A Terceira Miséria, de Hélia Correia, vence Correntes d´Escritas 2013

 

«1.

 

Para quê, perguntou ele, para que servem

Os poetas em tempo de indigência?

Dois séculos corridos sobre a hora

Em que foi escrita esta meia linha,

Não a hora do anjo, não: a hora

Em que o luar, no monte emudecido,

Fulgurou tão desesperadamente

Que uma antiga substância, essa beleza

Que podia tocar-se num recesso

Da poeirenta estrada, no terror

Das cadelas nocturnas, na contínua

Perturbação, morada da alegria;»

[in A Terceira Miséria]

 

 

In press release Relógio d´Água

 

Hélia Correia vence Prémio Correntes d’Escritas 2013

 

 

"O livro A Terceira Miséria (ed. Relógio D’Água, 2012), de Hélia Correia, foi o escolhido pelo júri do Prémio Correntes d’Escritas, que este ano distingue uma obra de poesia.

O Prémio foi hoje anunciado no encontro literário, que se realiza na Póvoa de Varzim, e será entregue dia 23 de Fevereiro, na Sessão de Encerramento.

O júri foi constituído por Almeida Faria, Carlos Vaz Marques, Helena Vasconcelos, José Mário Silva e Patrícia Reis. Entre os outros finalistas, contava-se também Fernando Guimarães, com As Raízes Diferentes, e Bernardo Pinto de Almeida, com Negócios em Ítaca (ambas as obras publicadas pela Relógio D’Água), e José Agostinho Baptista, Manuel António Pina, Armando Silva Carvalho, Ferreira Gullar e Luís Filipe Castro Mendes.

 

Hélia Correia nasceu em Lisboa, em 1949. Licenciada em Filologia Românica, foi professora do ensino secundário, tendo também feito um curso de pós-graduação em Teatro Clássico. Poetisa e dramaturga, foi enquanto ficcionista que Hélia Correia se revelou como um dos nomes mais importantes e originais surgidos durante a década de 80, ao publicar, em 1981, O Separar das Águas.

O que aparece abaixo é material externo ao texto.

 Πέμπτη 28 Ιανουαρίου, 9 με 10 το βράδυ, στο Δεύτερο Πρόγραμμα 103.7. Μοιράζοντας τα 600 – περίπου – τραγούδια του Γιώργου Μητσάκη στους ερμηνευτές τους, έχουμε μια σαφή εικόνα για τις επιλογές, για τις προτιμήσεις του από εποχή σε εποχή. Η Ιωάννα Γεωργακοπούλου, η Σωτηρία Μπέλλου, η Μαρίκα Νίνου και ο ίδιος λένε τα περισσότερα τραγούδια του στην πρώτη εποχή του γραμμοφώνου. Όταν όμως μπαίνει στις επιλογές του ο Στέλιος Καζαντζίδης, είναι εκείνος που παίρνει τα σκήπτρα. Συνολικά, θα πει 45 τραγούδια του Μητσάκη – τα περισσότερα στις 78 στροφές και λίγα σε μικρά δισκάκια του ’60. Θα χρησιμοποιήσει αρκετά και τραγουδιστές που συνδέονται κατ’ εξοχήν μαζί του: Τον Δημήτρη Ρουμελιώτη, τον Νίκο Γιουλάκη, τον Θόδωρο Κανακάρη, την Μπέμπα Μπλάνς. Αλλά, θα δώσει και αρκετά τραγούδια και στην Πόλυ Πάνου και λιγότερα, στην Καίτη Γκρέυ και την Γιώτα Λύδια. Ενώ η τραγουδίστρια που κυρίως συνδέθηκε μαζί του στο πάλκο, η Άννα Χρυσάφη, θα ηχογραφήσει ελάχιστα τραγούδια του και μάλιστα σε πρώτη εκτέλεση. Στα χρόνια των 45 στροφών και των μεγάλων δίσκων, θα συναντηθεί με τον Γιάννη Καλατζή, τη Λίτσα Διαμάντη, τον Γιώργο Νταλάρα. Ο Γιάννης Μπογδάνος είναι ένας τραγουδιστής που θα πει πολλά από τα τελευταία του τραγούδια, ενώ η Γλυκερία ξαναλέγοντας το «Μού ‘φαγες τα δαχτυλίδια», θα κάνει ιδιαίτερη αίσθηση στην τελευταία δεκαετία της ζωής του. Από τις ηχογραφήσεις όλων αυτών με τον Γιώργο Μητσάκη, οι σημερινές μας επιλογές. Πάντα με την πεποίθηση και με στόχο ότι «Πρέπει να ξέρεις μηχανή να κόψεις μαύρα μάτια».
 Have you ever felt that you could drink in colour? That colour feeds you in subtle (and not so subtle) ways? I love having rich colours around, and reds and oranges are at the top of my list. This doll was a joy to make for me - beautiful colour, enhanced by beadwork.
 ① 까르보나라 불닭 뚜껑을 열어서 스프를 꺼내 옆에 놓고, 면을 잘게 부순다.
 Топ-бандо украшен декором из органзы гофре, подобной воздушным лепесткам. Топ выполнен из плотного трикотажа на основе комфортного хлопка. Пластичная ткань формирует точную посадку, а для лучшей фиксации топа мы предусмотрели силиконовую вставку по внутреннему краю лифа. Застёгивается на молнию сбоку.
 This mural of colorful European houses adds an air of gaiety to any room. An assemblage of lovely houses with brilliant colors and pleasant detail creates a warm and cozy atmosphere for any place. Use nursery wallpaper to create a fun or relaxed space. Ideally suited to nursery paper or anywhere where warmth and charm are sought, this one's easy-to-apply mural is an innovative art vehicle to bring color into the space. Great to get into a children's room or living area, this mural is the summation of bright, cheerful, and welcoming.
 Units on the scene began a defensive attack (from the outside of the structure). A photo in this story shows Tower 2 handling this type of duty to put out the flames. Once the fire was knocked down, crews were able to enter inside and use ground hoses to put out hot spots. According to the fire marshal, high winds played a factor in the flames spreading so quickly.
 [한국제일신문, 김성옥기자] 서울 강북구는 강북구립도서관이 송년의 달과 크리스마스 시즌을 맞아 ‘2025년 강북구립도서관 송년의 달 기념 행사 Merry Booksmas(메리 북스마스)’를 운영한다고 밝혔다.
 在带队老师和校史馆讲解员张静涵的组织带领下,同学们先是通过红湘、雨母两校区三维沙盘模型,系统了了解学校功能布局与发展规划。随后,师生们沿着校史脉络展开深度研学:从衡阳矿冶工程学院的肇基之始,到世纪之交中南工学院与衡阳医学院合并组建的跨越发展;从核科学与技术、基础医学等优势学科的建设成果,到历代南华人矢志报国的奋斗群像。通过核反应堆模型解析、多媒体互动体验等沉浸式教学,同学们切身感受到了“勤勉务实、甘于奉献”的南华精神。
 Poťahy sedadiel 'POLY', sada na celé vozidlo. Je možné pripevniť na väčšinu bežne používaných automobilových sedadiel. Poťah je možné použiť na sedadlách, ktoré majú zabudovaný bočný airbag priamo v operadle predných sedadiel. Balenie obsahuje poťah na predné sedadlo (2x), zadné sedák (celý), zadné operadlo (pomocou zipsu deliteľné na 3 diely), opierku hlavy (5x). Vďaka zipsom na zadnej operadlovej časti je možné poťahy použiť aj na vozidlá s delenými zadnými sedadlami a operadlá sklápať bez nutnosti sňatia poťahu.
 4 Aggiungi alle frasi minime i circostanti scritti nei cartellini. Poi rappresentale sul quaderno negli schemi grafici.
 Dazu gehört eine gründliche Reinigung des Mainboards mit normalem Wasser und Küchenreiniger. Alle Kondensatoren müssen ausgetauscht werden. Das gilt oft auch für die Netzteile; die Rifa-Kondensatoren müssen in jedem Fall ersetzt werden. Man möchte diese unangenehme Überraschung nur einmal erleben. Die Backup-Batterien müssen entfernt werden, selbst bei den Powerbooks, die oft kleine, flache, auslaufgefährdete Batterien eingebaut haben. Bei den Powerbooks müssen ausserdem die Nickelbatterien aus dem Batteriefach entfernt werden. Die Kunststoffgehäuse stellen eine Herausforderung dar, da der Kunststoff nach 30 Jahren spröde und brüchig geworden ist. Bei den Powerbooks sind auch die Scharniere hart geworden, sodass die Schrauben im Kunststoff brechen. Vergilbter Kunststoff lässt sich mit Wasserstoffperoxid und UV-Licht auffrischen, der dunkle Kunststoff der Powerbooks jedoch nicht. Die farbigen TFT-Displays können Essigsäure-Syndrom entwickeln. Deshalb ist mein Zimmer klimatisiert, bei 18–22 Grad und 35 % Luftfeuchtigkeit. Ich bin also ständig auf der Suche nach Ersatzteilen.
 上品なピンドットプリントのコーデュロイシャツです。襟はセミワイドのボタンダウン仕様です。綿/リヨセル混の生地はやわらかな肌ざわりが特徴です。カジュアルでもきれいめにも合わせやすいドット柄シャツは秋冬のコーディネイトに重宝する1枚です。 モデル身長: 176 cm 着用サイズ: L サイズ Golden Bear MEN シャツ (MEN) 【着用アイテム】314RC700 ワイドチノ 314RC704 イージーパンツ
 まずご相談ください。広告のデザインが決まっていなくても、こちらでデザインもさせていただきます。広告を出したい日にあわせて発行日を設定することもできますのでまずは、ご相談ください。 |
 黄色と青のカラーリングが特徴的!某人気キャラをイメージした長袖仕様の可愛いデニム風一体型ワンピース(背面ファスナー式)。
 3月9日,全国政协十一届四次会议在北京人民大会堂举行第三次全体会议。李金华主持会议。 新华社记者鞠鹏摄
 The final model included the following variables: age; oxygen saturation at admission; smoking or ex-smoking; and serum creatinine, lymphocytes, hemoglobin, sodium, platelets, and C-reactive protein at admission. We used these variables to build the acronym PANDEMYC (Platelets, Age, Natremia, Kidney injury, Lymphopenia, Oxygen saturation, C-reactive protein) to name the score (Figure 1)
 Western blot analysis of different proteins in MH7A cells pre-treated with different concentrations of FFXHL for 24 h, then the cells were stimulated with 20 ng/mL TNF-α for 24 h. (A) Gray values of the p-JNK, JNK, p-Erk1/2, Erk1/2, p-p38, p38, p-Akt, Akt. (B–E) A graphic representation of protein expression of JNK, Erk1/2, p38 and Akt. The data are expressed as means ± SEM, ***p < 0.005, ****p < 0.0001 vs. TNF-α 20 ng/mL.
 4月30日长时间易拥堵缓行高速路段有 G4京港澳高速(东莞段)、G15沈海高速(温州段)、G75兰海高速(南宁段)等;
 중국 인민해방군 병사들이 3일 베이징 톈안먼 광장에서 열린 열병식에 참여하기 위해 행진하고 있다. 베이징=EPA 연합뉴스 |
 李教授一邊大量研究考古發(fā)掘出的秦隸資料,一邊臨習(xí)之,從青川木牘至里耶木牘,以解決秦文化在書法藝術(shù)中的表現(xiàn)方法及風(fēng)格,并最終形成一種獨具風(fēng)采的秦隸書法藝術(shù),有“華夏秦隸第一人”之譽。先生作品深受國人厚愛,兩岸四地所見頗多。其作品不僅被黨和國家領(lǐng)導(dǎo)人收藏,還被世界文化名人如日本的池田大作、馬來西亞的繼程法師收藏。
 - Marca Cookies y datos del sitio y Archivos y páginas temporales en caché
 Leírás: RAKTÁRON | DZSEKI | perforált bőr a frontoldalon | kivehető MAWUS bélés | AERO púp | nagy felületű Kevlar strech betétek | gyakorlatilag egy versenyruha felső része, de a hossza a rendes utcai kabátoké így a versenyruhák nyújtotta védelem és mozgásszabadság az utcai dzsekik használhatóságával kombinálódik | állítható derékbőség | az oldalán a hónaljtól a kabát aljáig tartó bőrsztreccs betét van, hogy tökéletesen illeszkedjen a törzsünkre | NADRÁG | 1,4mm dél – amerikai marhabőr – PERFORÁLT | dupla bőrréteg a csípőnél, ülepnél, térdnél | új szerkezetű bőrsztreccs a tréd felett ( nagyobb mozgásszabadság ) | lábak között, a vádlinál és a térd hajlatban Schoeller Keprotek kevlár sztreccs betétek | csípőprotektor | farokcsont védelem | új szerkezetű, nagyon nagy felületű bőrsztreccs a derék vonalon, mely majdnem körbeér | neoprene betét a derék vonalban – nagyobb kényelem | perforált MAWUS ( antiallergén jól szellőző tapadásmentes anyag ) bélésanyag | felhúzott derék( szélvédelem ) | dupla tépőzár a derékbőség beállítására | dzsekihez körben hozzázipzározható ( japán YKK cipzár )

Na Relógio D’Água Hélia Correia publicou as obras: Soma, Montedemo; A Luz de Newton; Insânia, O Número dos Vivos, A Casa Eterna, O Rancor; Lillias Fraser; Fascinação, seguido de A Dama Pé-de-Cabra; Mopsos, O Pequeno Grego (O Ouro de Delfos e A Coroa de Olímpia); Bastardia; Desmesura; Perdição, A Ilha Encantada; Contos; Adoecer; A Chegada de Twainy e A Terceira Miséria."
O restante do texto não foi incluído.